To add a Destination:

  1. From the left navigation pane at the Organization level, click Destinations.

  2. From the top right of the Destinations page, click the Add a Destination icon or plus (+) symbol.

  3. From the New Destination page that now appears, enter text in the Name field.

  4. Use the drop-down arrow to select a Type, choosing from Azure, S3 or SFTP.

    Azure Destination type allows to deliver data to Azure Blob Storage.

    An S3 bucket is an AWS service that serves many purposes. In this case, it serves as a storage
    location.

    Similarly, the SFTP is another vehicle by which you may transfer and store data.

  5. Ignore or clear the Active checkbox.

    The Active checkbox is selected by default. If you clear this checkbox, no data will be
    pushed to this Destination. Clearing the Active checkbox provides a method to maintain
    the Destination while not pushing data to it. You can render a Destination inactive
    to avoid any data being pushed to this location.

  6. Choose File Type or keep Individual Files default value.

    The option is not available for Azure and SFTP destination types, Individual Files value is used by default.

  7. Choose a File.

    To further understand the context of Destinations relative to file types, it is important
    to realize that you can retrieve four kinds of data via an Import.IO web data extraction:
    • The actual dataset

    • Statistics specific to the crawl run and extraction

    • Pages, which represent the web pages that the browser rendered when accessing the websites to extract data.

    • Downloaded files/images (if configured in the Extractor).

      You can configure Import.io to download actual files that are accessible via a web page;
      for example, you might extract data from a web page that includes a list of links to PDF
      documents. You can extract the URL values that point to the PDFs; in addition, you can
      configure Import.io to download the actual files (not just extract the URL value of the
      download link).

      Commonly, customers are only interested in the extracted dataset and, potentially,
      downloaded files/images (if this is a project requirement). The data specific
      to stats or pages is available to monitor the health of the project and used
      by the developer building the Extractor or the team running the extraction.

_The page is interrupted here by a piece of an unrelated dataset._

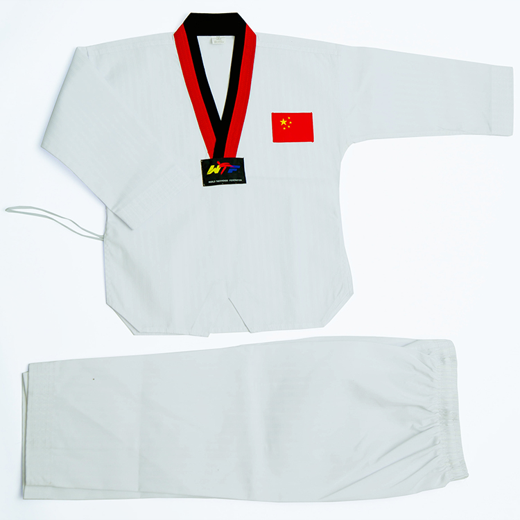 White card suit (polyester-cotton) White three-stripe suit (polyester-cotton) White large grid suit (polyester-cotton) White cotton suit (cotton) Poomsae KTD white top red pants Poomsae KTD white top

While useful
      for development and monitoring of the project, neither stats nor pages are specific
      to the actual data used by the customer.

      destinations new

Destinations offer different file types for each Snapshot of data. The customer may prefer
a specific file type, the Delivery team may make a recommendation, or the two may have
a conversation and decide. Generally, a conversation results in a defined or agreed
upon file type, which is determined at the start of a project. The file type also might
be determined during Solution Design by a Solution Architect engaged with the customer.

File Type Description

Parquet

This is a standard file format and the most common.
Parquet has many advantages such as its size, the fact
that it includes schema information, the speed at which
it will open, and the ability to open partial datasets
(subsets) from a parquet file. Data Science teams will
often prefer parquet to JSON and our Solution Architects
commonly recommend parquet.

Custom Text

This allows you to configure the export of datasets
in the .csv and .tsv formats.

JSON

This is a standard file format. JSON is a structured
data format, is commonly used by APIs, and is generally
the go-to format for structured data for Engineering
teams; however, JSON is not favorable for large datasets.

Custom Parquet

This is a standard file format.

Stats (JSON)

This file type allows you to retrieve data about the
statistical properties of the extraction to be exported
for analysis. While rare for customers, this file type
is useful for the internal Managed Services team.

Pages (JSON)

This file type allows you to retrieve data about the
HTML pages encountered during the extraction to be
exported. While rare for customers, this file type is
useful for the internal Development team.

Downloaded Files/Image

This file type allows you to download files/images
to be exported. This file type requires that file download
be configured in the Extractor. This is a relevant user
feature.

Compression Options

You can use the radio button to select a Compression Option.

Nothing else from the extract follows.